Background and purpose: The present experiments were designed to study the contribution of oxygen-derived free radicals to endothelium-dependent contractions in femoral arteries of rats with streptozotocin-induced diabetes.
Experimental approach: Rings with and without endothelium were suspended in organ chambers for isometric tension recording. The production of oxygen-derived free radicals in the endothelium was measured with 2',7'-dichlorodihydrofluorescein diacetate using confocal microscopy. The presence of protein was measured by western blotting.

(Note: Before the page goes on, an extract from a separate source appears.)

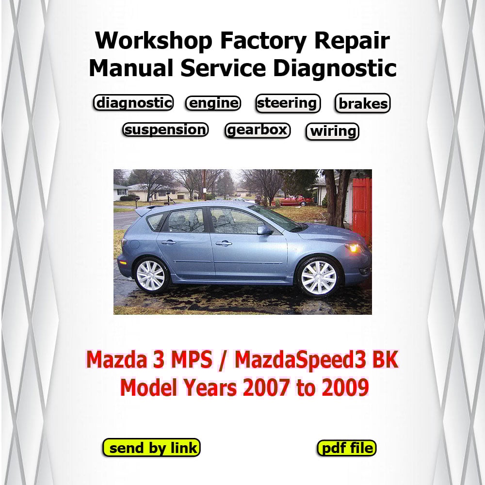 Delivered as a high-quality PDF digital download, this manual includes step-by-step repair procedures, detailed technical illustrations, wiring diagrams, and official Mazda specifications to help you correctly diagnose, service, and repair your Mazda 3 MPS / Mazdaspeed3 BK.

Key results: In the presence of L-NAME, the calcium ionophore A23187 induced larger endothelium-dependent contractions in femoral arteries from diabetic rats. Tiron, catalase, deferoxamine and MnTMPyP, but not superoxide dismutase reduced the response, suggesting that oxygen-derived free radicals are involved in the endothelium-dependent contraction. In the presence of L-NAME, A23187 increased the fluorescence signal in femoral arteries from streptozotocin-treated, but not in those from control rats, confirming that the production of oxygen-derived free radicals contributes to the enhanced endothelium-dependent contractions in diabetes. Exogenous H2O2 caused contractions in femoral arterial rings without endothelium which were reduced by deferoxamine, indicating that hydroxyl radicals contract vascular smooth muscle and thus could be an endothelium-derived contracting factor in diabetes. The reduced presence of Mn-SOD and the decreased activity of catalase in femoral arteries from streptozotocin-treated rats demonstrated the presence of a redox abnormality in arteries from rats with diabetes.
Conclusions and implications: These findings suggest that the redox abnormality resulting from diabetes increases oxidative stress which facilitates and/or causes endothelium-dependent contractions.